TO DO:
Omit the pictures. Transcribe exactly the lines below, from the one with "있다. 사진제공=대한축구협회 |" up to and including the last.

=== THE RECORDS ===

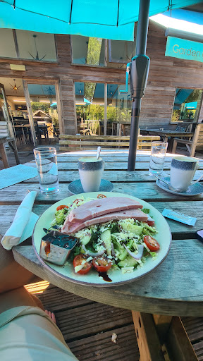 We visited today lunch time with torrential rain falling down. The main car park was full and we had difficulty parking on the road outside. Making our way to the cafe we saw that the side gate by the cattle grid was locked so we were forced to walk across the grid in our heels and with the heavy rain which wasn't at all safe for elderly people or small children. The cafe was surprisingly full (despite appalling weather). Staff were helpful, friendly and there was a nice atmosphere there. It looked lovely and clean. We all has jacket potatoes with side salads and were happy with the meals and portion size. Due to the weather, we didn't look at the plants for sale but there seemed plenty...
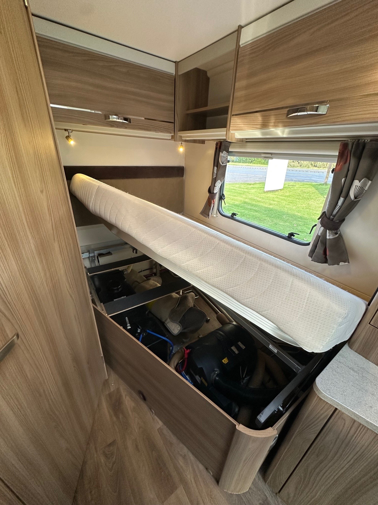 - Ample storage: Clever storage solutions are found throughout the motorhome, including under the fixed rear bed, ensuring you have plenty of room for all your touring essentials.
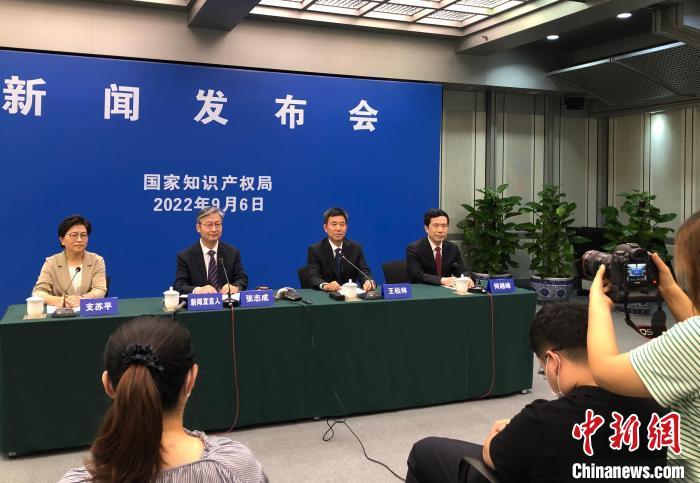 國家知識產權局舉行9月例行新聞發(fā)布會會場。 中新社記者 孫自法 攝
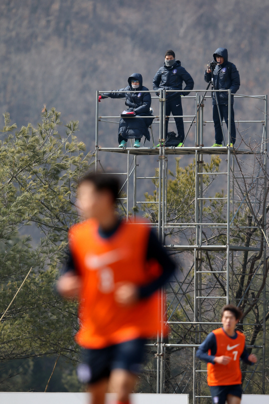 | 신태용 올림픽대표팀 감독(왼쪽)이 11일 열린 자체 청백전을 높은 곳에서 지켜보고 있다. 사진제공=대한축구협회 |
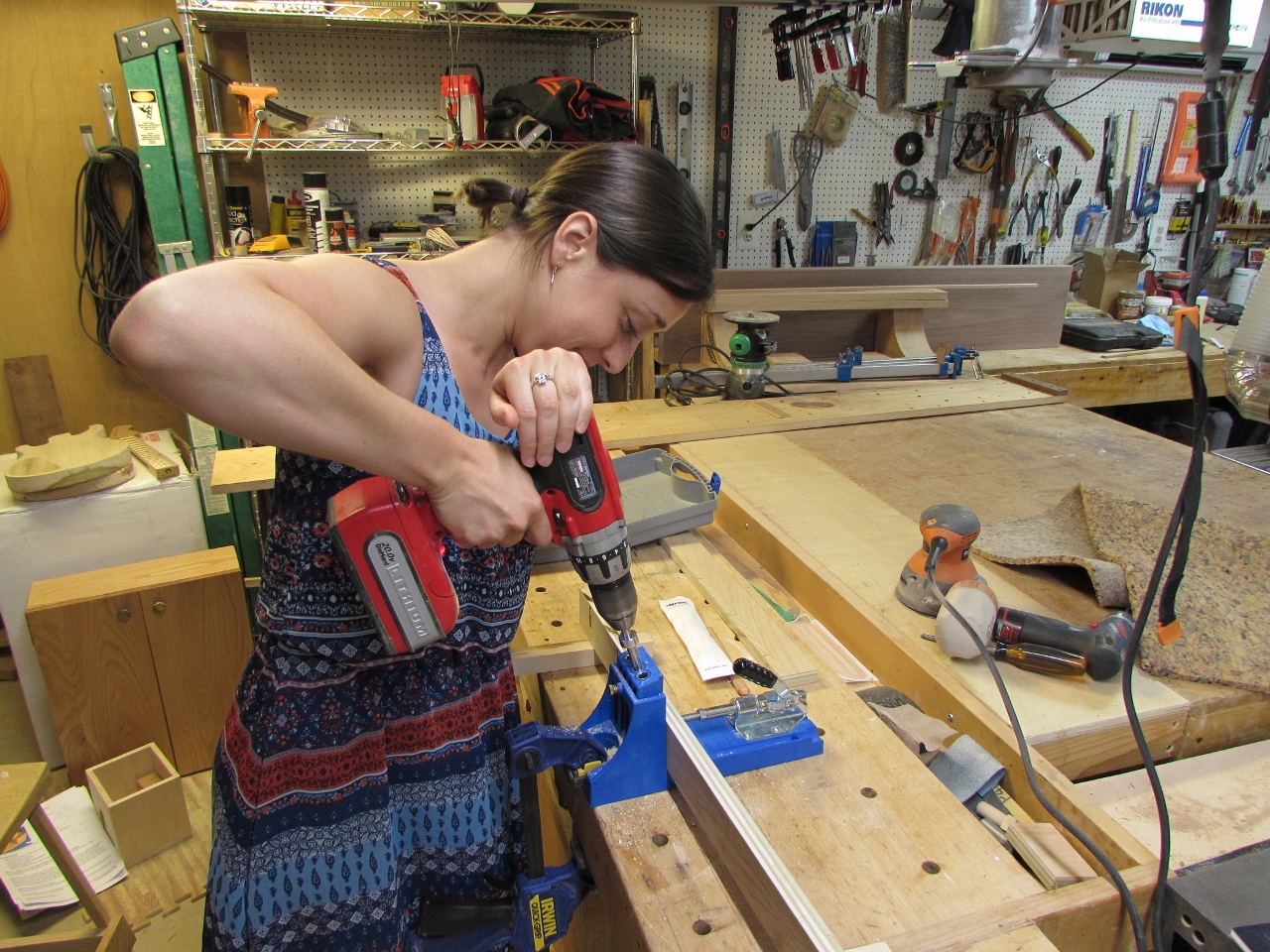 Diana was looking a little bored, so I handed her a drill and set up my Kreg jig so she could drill a bunch of pocket holes into a couple of pieces of 3/4″ plywood. These will be used for temporary flanges for mounting the face to the cabinet.

===

YOUR SOLUTION:
 | 신태용 올림픽대표팀 감독(왼쪽)이 11일 열린 자체 청백전을 높은 곳에서 지켜보고 있다. 사진제공=대한축구협회 |
 Diana was looking a little bored, so I handed her a drill and set up my Kreg jig so she could drill a bunch of pocket holes into a couple of pieces of 3/4″ plywood. These will be used for temporary flanges for mounting the face to the cabinet.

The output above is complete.